I absolutely love CYNTHIA COOPER! She is the reason why I started watching the WNBA. I would always hear about her on ESPN, then one day I watched the Comets. I became an instant fan of Coop and of the WNBA after watching that game in 1998.

I love to watch TAMIKA CATCHINGS! I really believe she deserved to win the league MVP last year. I'm hoping for a more exciting year for her. She is the future of the WNBA!
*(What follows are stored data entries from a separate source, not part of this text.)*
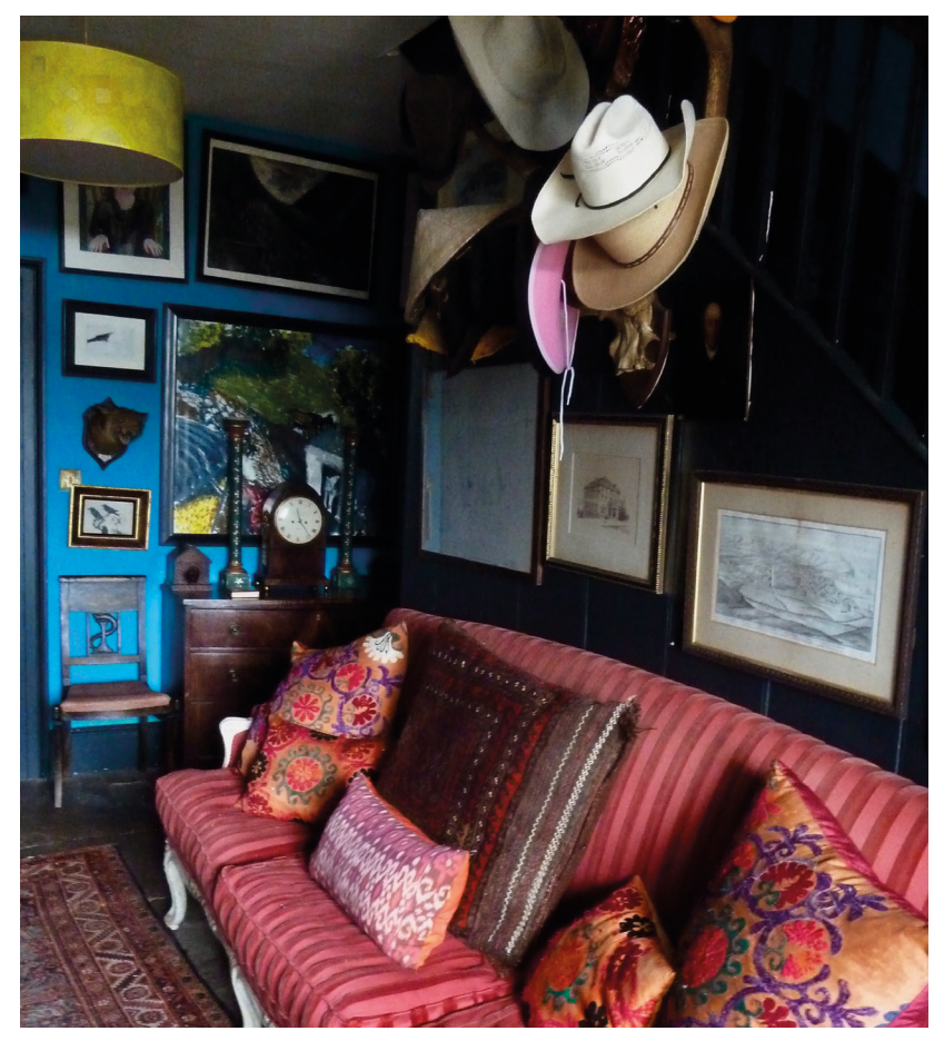
Deck the hall: vivid colours, contrasting textures and interesting prints make a welcome entrance to the farmhouse

evident as soon as you arrive at Whitbysteads. The hall is painted a Cerulean blue and hung with an array of paintings and prints. A pair of antlers, festooned with all manner of hats, hangs above an baroque sofa, its opulence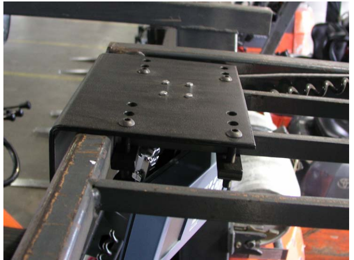
t700 "Standard" Mounting Bracket – Drivers View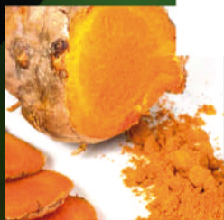
Turmeric ( Curcuma longa )

Antidepressant. It smells like cinnamon and tastes like sweet pepper. Relaxing properties.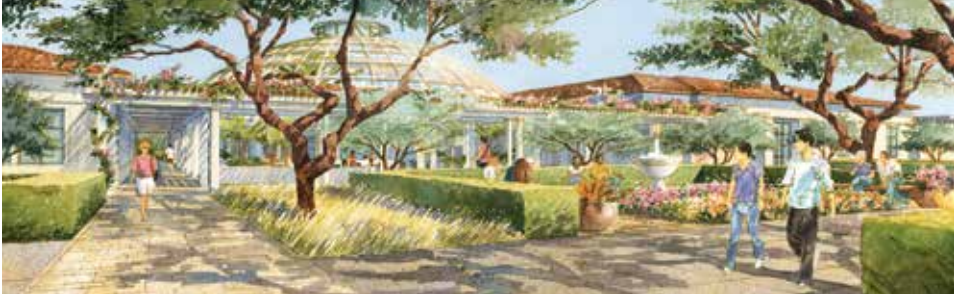
The Garden Court through the Central Garden of the new Education and Visitor Center.

and manuscripts from Chaucer, Shakespeare, and Thoreau, as well as new audio and interactive components that engage visitors to better connect them to history and literature.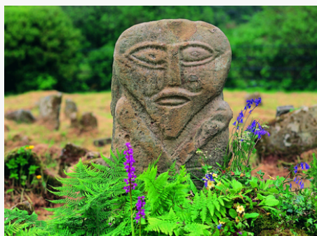
Boa Island Dreenan Figure represented in the Lough Erne Pilgrim Way exhibition |

Devenish: Its History, Antiquities and Traditions, J.E McKenna, 1897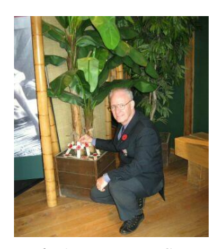
Placing a Poppy Cross at the COFEPOW Museum in memory of the Taiwan POWs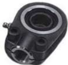
Forged rod end mounting with spherical ball bearing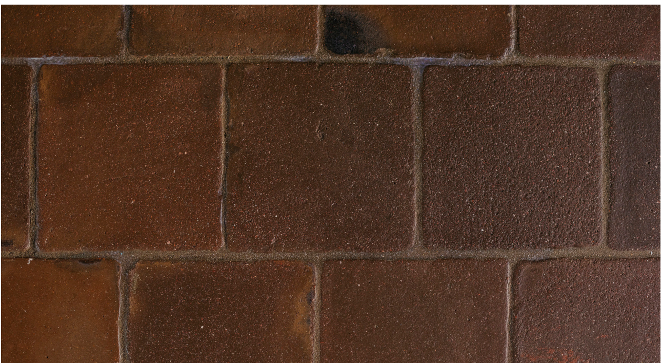
Final finish of the cleaning process and protection of the floor.

I am also very excited about ALANA BEARD when she comes into the league next year. I love her because she reminds me of COOP and CATCHINGS. She may be able to do what Catchings did during her rookie year and challenge for the MVP also! She is exciting to watch just like CATCHINGS, she's a scorer and she is an absolutely fantastic defender. She is a complete player with no weaknesses like Leslie, Swoopes and Catchings.


----------



## mystics_rock (May 6, 2003)

> I am also very excited about ALANA BEARD when she comes into the league next year. I love her because she reminds me of COOP and CATCHINGS. She may be able to do what Catchings did during her rookie year and challenge for the MVP also! She is exciting to watch just like CATCHINGS, she's a scorer and she is an absolutely fantastic defender. She is a complete player with no weaknesses like Leslie, Swoopes and Catchings.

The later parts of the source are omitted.